:: PROVIDED MATERIAL ::
· · · · · · ·

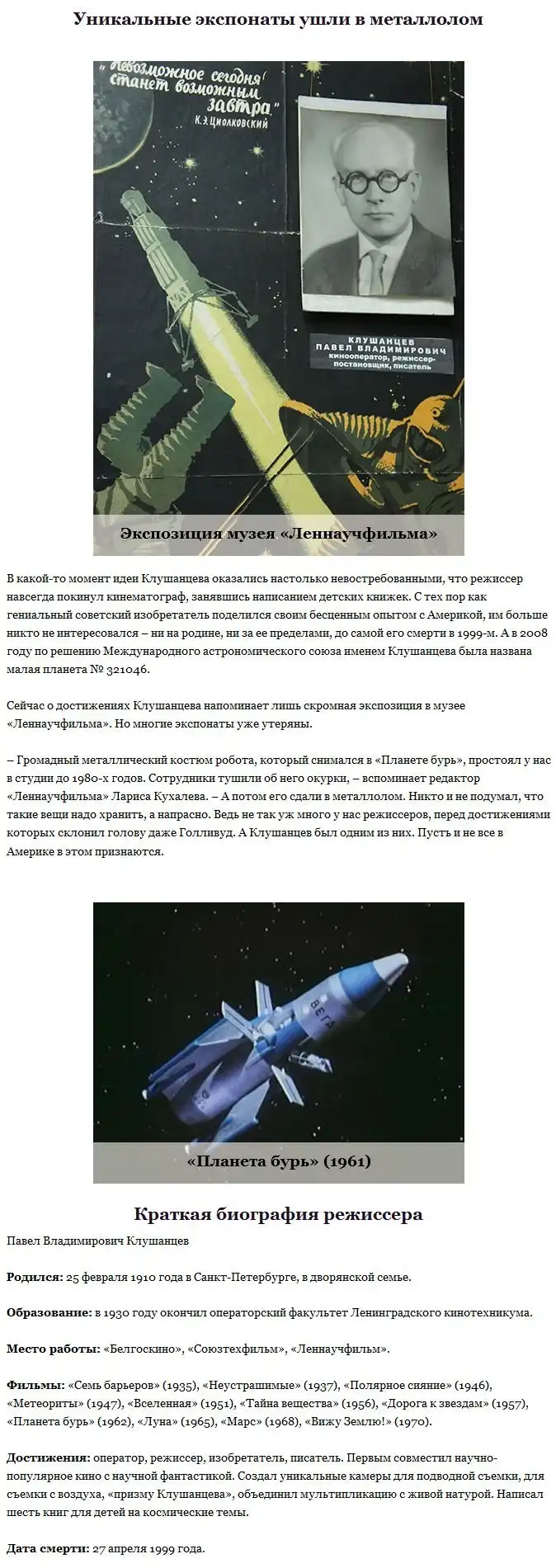 Яркие спецэффекты известных голливудских фильмов надолго остаются в памяти зрителей, и они всегда видят в этом заслугу режиссеров и других людей, работавших над кинолентой. Однако это не всегда так, ведь спецэффекты могут копироваться. Предлагаем вашему вниманию самые зрелищные спецэффекты, которые изначально были придуманы советским режиссером Павлом Клушанцевым, а потом уже появились в американских фильмах.
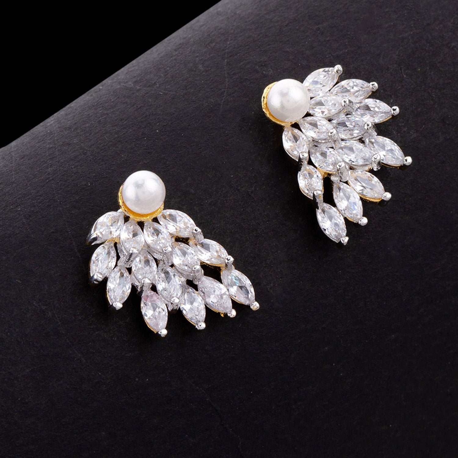 These cute earrings feature a lovely synthetic pearl and it is a great pair of earrings to add to your jewelry collection. These earrings feature cubic zirconia stones. Each one is carefully hand set by master jewelers onto a genuine brass base.
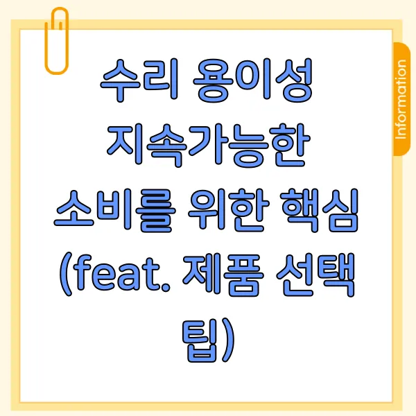 제품을 구매할 때 수리 용이성을 꼼꼼히 따져보는 습관을 길러보세요. 현명한 소비는 지속가능한 미래를 만드는 첫걸음이에요.
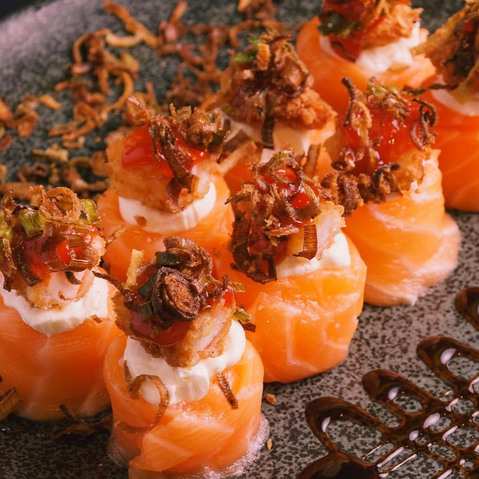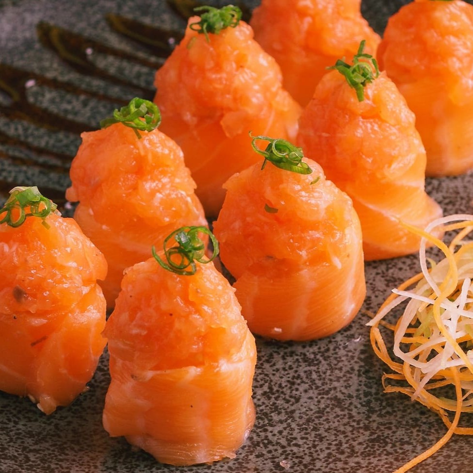 Arroz gohan envolto na lâmina de salmão, coberto com cream cheese, tataki de salmão fresco e cebolinha.
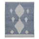This new Turkish handwoven rug has a beautiful blue background with neutral and multicolored accents. We call this design the "modern tulu" which describes the new take on the classic tulu rug with a thicker pile.
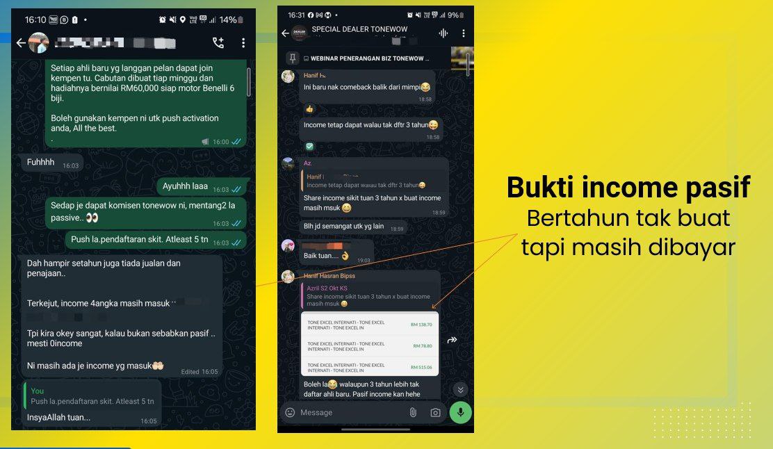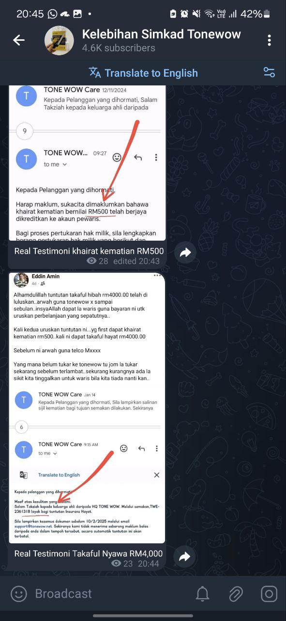 Lebih dari 4 Telegram Channel padat dengan info berkenaan Tone WOW. Daripada cara guna simkad, info detail pelan data, perlindungan takaful, dan lain-lain, malah anda juga dapat join sekali channel bagaimana untuk hasilkan side income dengan Tone Wow. Bahan promosi juga di berikan di dalam channel khas.
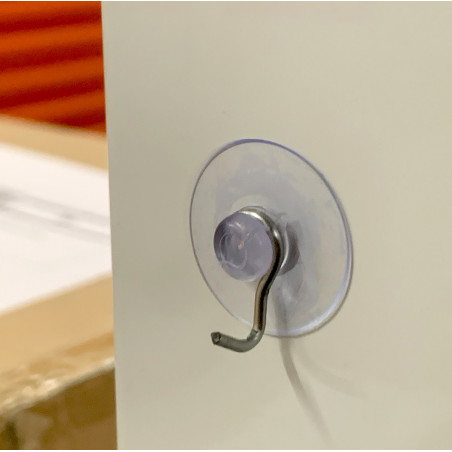 Transparante, watervaste zuignappen met metalen haakje, te gebruiken om items aan op te hangen.
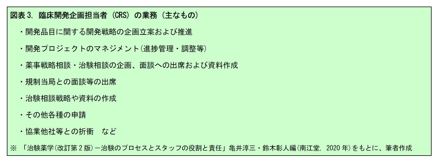 1|治験依頼者側では、臨床開発企画担当者(CRS) と 臨床開発モニター(CRA) が中心的
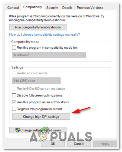 Many users suggested that changing the DPI settings resolve the problem for them. Check if you had set the DPI settings to low, then this might be conflicting and blocking the application and if none of the above fixes works then you can change the High DPI settings. Follow the steps below:
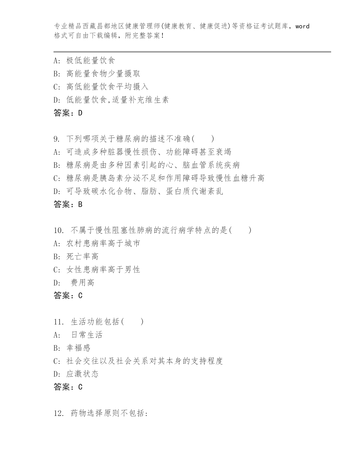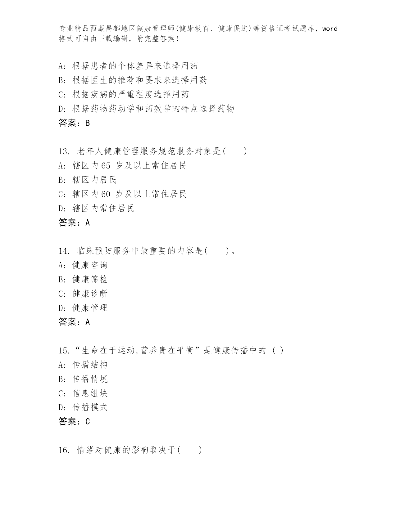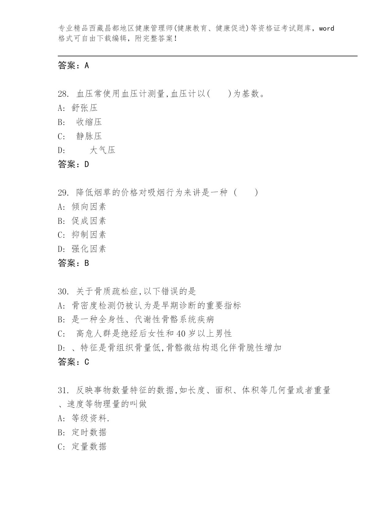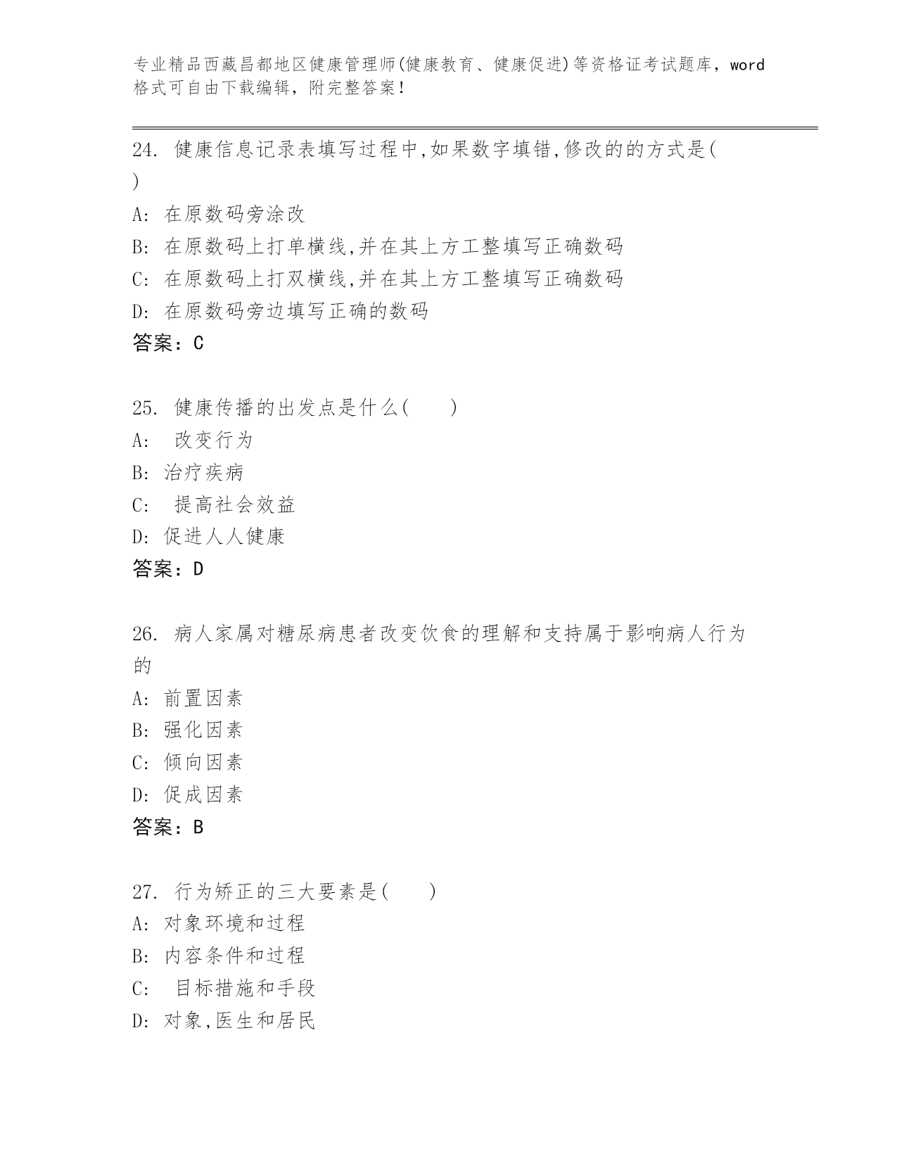 最新西藏昌都地区健康管理师(健康教育、健康促进)等资格证考试题库答案下载

· · · · · · ·

:: WHAT YOU SHOULD DO ::
Needed here is a verbatim copy of the data from the first line through the line with "1|治験依頼者側では、臨床開発企画担当者(CRS) と 臨床開発モニター(CRA)", without pictures.

:: ANSWER BELOW ::
 Яркие спецэффекты известных голливудских фильмов надолго остаются в памяти зрителей, и они всегда видят в этом заслугу режиссеров и других людей, работавших над кинолентой. Однако это не всегда так, ведь спецэффекты могут копироваться. Предлагаем вашему вниманию самые зрелищные спецэффекты, которые изначально были придуманы советским режиссером Павлом Клушанцевым, а потом уже появились в американских фильмах.
 These cute earrings feature a lovely synthetic pearl and it is a great pair of earrings to add to your jewelry collection. These earrings feature cubic zirconia stones. Each one is carefully hand set by master jewelers onto a genuine brass base.
 제품을 구매할 때 수리 용이성을 꼼꼼히 따져보는 습관을 길러보세요. 현명한 소비는 지속가능한 미래를 만드는 첫걸음이에요.
 Arroz gohan envolto na lâmina de salmão, coberto com cream cheese, tataki de salmão fresco e cebolinha.
This new Turkish handwoven rug has a beautiful blue background with neutral and multicolored accents. We call this design the "modern tulu" which describes the new take on the classic tulu rug with a thicker pile.
 Lebih dari 4 Telegram Channel padat dengan info berkenaan Tone WOW. Daripada cara guna simkad, info detail pelan data, perlindungan takaful, dan lain-lain, malah anda juga dapat join sekali channel bagaimana untuk hasilkan side income dengan Tone Wow. Bahan promosi juga di berikan di dalam channel khas.
 Transparante, watervaste zuignappen met metalen haakje, te gebruiken om items aan op te hangen.
 1|治験依頼者側では、臨床開発企画担当者(CRS) と 臨床開発モニター(CRA) が中心的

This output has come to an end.